The Office of the Auditor General’s recent report about the controversial BVI Airways deal has uncovered that global financial accounts company, BDO, had warned the former National Democratic Party (NDP) government against entering into the $7.2 million agreement with the airline.
But, according to the Auditor General’s January 2020 report, the document containing BDO’s advice was not even presented to Cabinet when they decided whether to enter into business with the airline.
Government had commissioned BDO back in January 2015 to assess the merits of BVI Airways’ proposal for the NDP government to fund the venture to commence commercial flights between the BVI and Miami in the United States.
BDO concluded that the proposal required governemnt to assume the financial risks while ‘guaranteeing BVI Airways significant returns’.
The accounting company said government would be taking on a “significant liability risk by signing a revenue guarantee contract with the parties that apparently lacked relevant operational experience”.
And while noting that the age of BVI Airways’ aircraft would likely lead to “greater maintenance cost”, BDO advised the government not to proceed unless all the issues were rectified.
“None of the above recommendations by BDO was adopted,” the Auditor General’s report said.
When the decision documents were submitted to Cabinet for the approval, the Auditor General said, “the BDO financial assessment report that recommended changes for a more equitable arrangement was not included in the papers presented to Cabinet”.
It is not immediately clear what government department directly commissioned BDO.

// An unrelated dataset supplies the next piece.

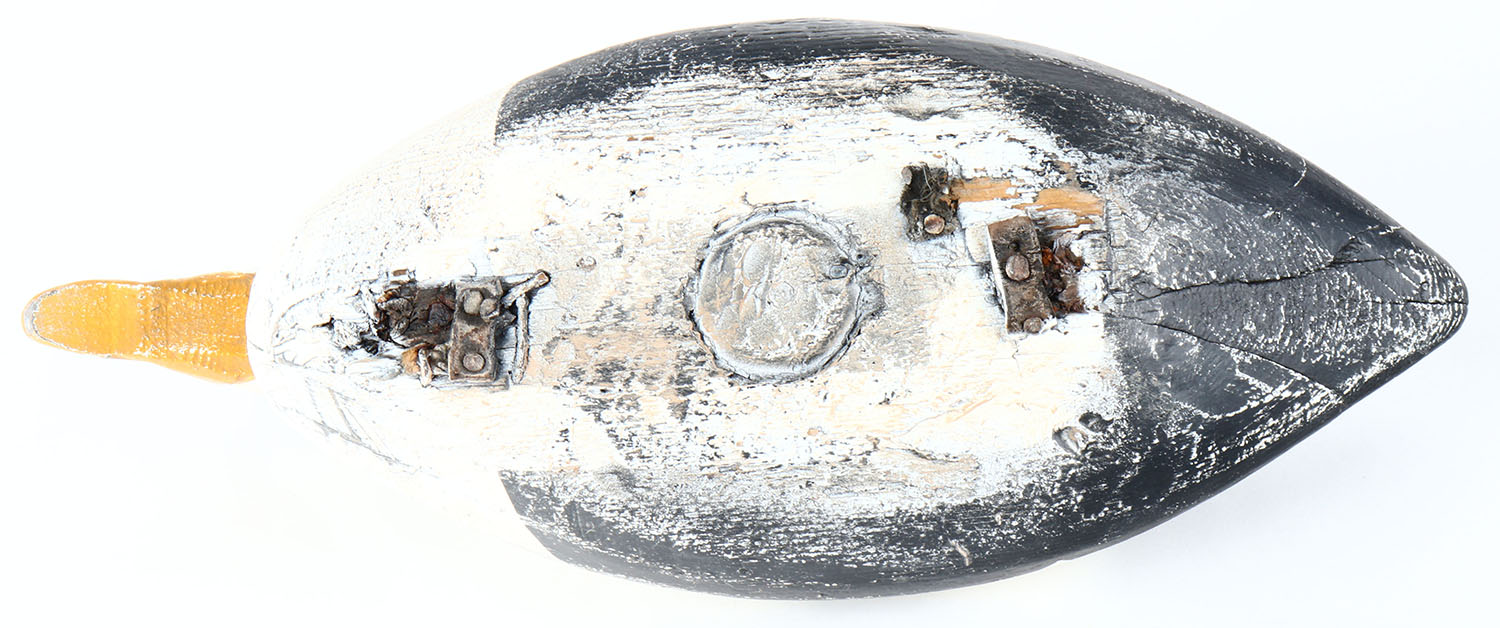 Eider by unknown maker with the initials J.G,, glass eyes, solid wood, repainted in style to appear vintage, has age cracks on back and bottom, ,maker initials on bottom. Grade: Very Good + - Value: 30 to 60

But, indications from the Auditor General are that correspondence between BVI Airways and government largely went through the Office of the Premier, and the Ministry of Finance — both led by former Premier Dr D Orlando Smith.
The NDP government gave 7.2 million of taxpayer dollars for the airline to commence direct flights between the BVI and Miami, USA back in 2016.
However, operators of BVI Airways missed all of its promised dates for the commencement of those flights. And by July of 2017, the airline laid off its staff; claiming that it needed more money to fly.
After roughly three years, a criminal probe has now been launched into the controversial BVI Airways deal.